◆ **AIM OF THE TASK**
The answer must give back every line of the data exactly, with no pictures.

◆ **DATA SEGMENT**
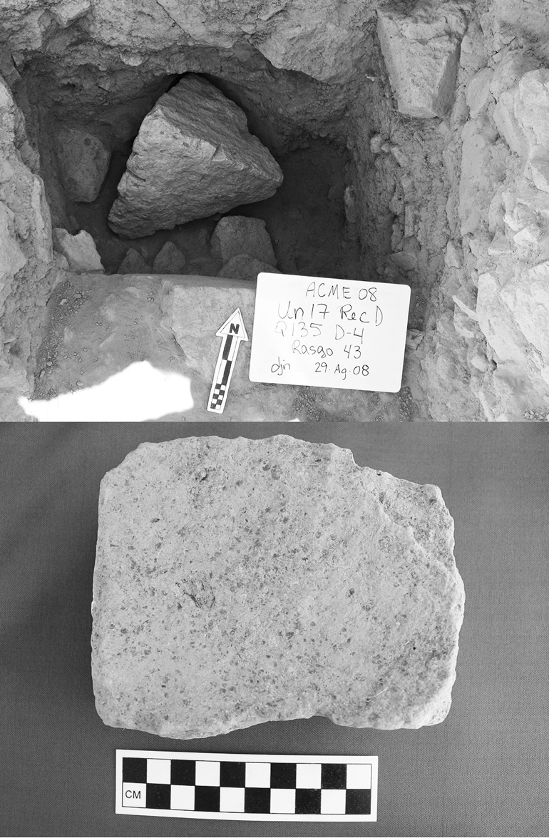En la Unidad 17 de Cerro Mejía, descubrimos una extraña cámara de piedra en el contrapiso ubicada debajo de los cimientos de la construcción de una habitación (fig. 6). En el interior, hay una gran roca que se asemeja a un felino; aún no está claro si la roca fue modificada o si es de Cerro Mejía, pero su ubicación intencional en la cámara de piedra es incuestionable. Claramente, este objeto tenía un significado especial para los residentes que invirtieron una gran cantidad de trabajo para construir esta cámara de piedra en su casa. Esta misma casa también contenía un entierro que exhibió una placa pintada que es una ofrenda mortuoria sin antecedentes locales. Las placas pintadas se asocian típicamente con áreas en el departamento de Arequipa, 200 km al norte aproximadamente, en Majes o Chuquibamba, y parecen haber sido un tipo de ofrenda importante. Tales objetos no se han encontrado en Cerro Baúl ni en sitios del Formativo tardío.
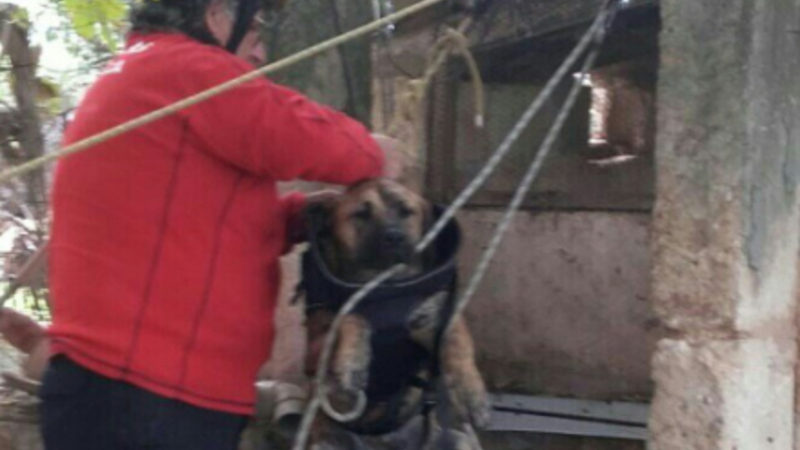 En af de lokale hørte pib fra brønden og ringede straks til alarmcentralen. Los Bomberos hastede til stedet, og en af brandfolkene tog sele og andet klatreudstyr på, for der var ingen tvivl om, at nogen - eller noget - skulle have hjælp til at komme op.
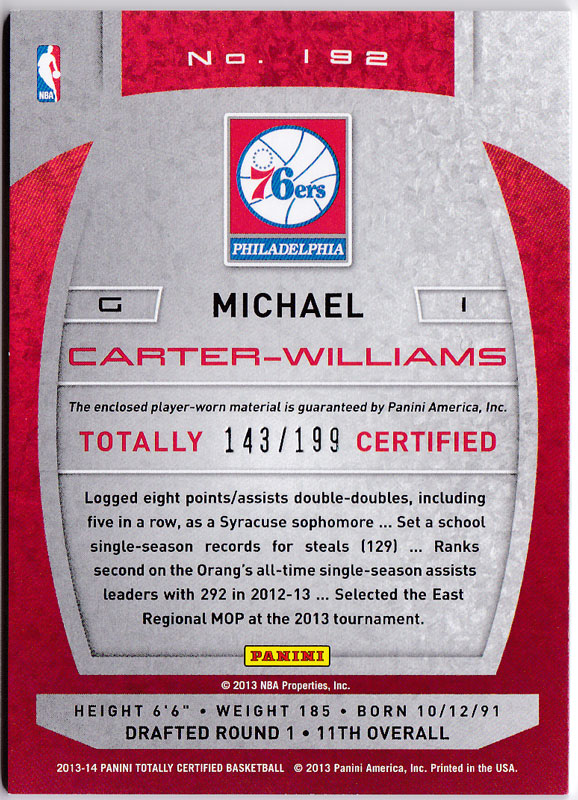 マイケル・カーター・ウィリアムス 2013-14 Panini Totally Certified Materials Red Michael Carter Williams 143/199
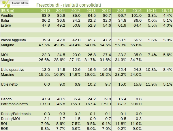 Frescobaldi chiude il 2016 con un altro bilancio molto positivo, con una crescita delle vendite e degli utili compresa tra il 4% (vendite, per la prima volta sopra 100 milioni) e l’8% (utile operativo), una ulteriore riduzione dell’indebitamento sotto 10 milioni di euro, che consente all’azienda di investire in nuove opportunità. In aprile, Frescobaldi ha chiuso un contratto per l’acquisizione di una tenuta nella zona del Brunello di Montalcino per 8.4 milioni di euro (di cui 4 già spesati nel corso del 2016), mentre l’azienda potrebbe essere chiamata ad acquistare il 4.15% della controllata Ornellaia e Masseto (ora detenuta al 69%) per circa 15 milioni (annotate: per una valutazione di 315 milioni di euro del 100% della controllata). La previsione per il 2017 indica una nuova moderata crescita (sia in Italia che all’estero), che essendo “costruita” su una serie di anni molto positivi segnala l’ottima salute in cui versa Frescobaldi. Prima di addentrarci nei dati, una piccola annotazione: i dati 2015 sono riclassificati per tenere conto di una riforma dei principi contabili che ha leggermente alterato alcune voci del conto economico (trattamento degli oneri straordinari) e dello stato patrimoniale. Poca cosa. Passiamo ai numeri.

◆ **YOUR SOLUTION**
En la Unidad 17 de Cerro Mejía, descubrimos una extraña cámara de piedra en el contrapiso ubicada debajo de los cimientos de la construcción de una habitación (fig. 6). En el interior, hay una gran roca que se asemeja a un felino; aún no está claro si la roca fue modificada o si es de Cerro Mejía, pero su ubicación intencional en la cámara de piedra es incuestionable. Claramente, este objeto tenía un significado especial para los residentes que invirtieron una gran cantidad de trabajo para construir esta cámara de piedra en su casa. Esta misma casa también contenía un entierro que exhibió una placa pintada que es una ofrenda mortuoria sin antecedentes locales. Las placas pintadas se asocian típicamente con áreas en el departamento de Arequipa, 200 km al norte aproximadamente, en Majes o Chuquibamba, y parecen haber sido un tipo de ofrenda importante. Tales objetos no se han encontrado en Cerro Baúl ni en sitios del Formativo tardío.
 En af de lokale hørte pib fra brønden og ringede straks til alarmcentralen. Los Bomberos hastede til stedet, og en af brandfolkene tog sele og andet klatreudstyr på, for der var ingen tvivl om, at nogen - eller noget - skulle have hjælp til at komme op.
 マイケル・カーター・ウィリアムス 2013-14 Panini Totally Certified Materials Red Michael Carter Williams 143/199
 Frescobaldi chiude il 2016 con un altro bilancio molto positivo, con una crescita delle vendite e degli utili compresa tra il 4% (vendite, per la prima volta sopra 100 milioni) e l’8% (utile operativo), una ulteriore riduzione dell’indebitamento sotto 10 milioni di euro, che consente all’azienda di investire in nuove opportunità. In aprile, Frescobaldi ha chiuso un contratto per l’acquisizione di una tenuta nella zona del Brunello di Montalcino per 8.4 milioni di euro (di cui 4 già spesati nel corso del 2016), mentre l’azienda potrebbe essere chiamata ad acquistare il 4.15% della controllata Ornellaia e Masseto (ora detenuta al 69%) per circa 15 milioni (annotate: per una valutazione di 315 milioni di euro del 100% della controllata). La previsione per il 2017 indica una nuova moderata crescita (sia in Italia che all’estero), che essendo “costruita” su una serie di anni molto positivi segnala l’ottima salute in cui versa Frescobaldi. Prima di addentrarci nei dati, una piccola annotazione: i dati 2015 sono riclassificati per tenere conto di una riforma dei principi contabili che ha leggermente alterato alcune voci del conto economico (trattamento degli oneri straordinari) e dello stato patrimoniale. Poca cosa. Passiamo ai numeri.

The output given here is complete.